[DATASET EXTRACT]:

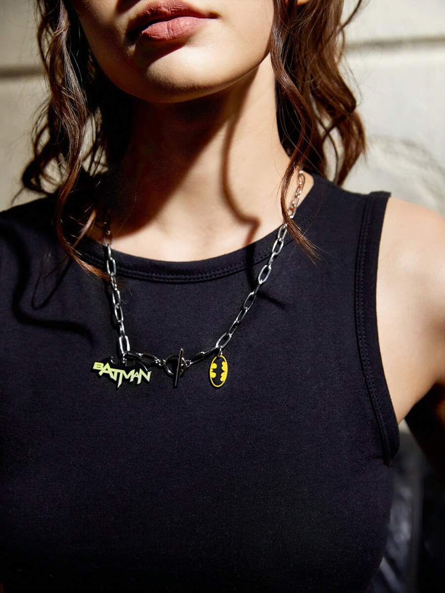 Batman X ROMWE 1 pieza Collar de cadena moda de acero inoxidable con letra murciélago adorno para mujeres para decoración diaria
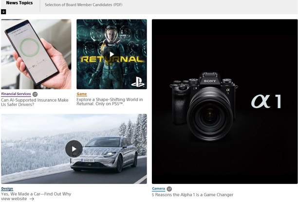 新网站的首页将每周更新一次,以吸引人的方式向来访者介绍索尼六项业务的最新资讯 (包括游戏和网络服务、音乐、影视、电子产品及解决方案、图像和传感解决方案、金融服务业务)。
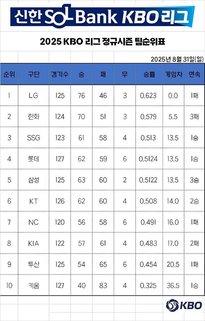 8월의 마지막 밤(31일)에도 '1승'을 향한 에스에스지(SSG) 랜더스, 롯데 자이언츠, 삼성 라이온즈, 케이티(KT) 위즈, 엔씨(NC) 다이노스, 기아(KIA) 타이거즈 등 6개 팀의 사투가 이어졌다.
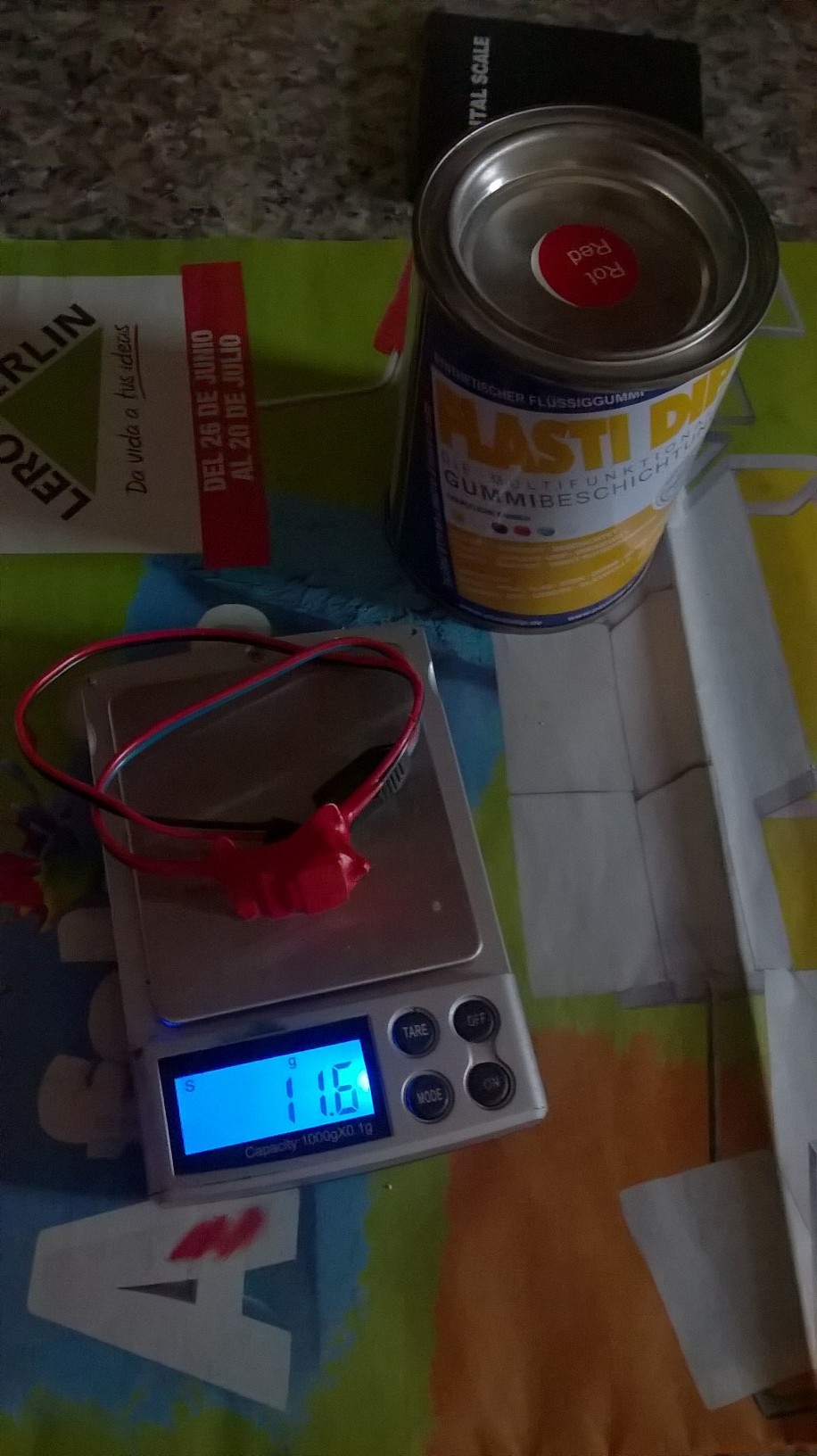 Das ganze kommt mit der MPX-Akkubuchse + 20cm Empfaengerkabel und “lackieren” mit Plasti-Dip auf 11,6g, seht selbst:

[TASK]: Output each line exactly as shown above; no pictures go in the copy.

[WRITTEN REPLY]:
 Batman X ROMWE 1 pieza Collar de cadena moda de acero inoxidable con letra murciélago adorno para mujeres para decoración diaria
 新网站的首页将每周更新一次,以吸引人的方式向来访者介绍索尼六项业务的最新资讯 (包括游戏和网络服务、音乐、影视、电子产品及解决方案、图像和传感解决方案、金融服务业务)。
 8월의 마지막 밤(31일)에도 '1승'을 향한 에스에스지(SSG) 랜더스, 롯데 자이언츠, 삼성 라이온즈, 케이티(KT) 위즈, 엔씨(NC) 다이노스, 기아(KIA) 타이거즈 등 6개 팀의 사투가 이어졌다.
 Das ganze kommt mit der MPX-Akkubuchse + 20cm Empfaengerkabel und “lackieren” mit Plasti-Dip auf 11,6g, seht selbst:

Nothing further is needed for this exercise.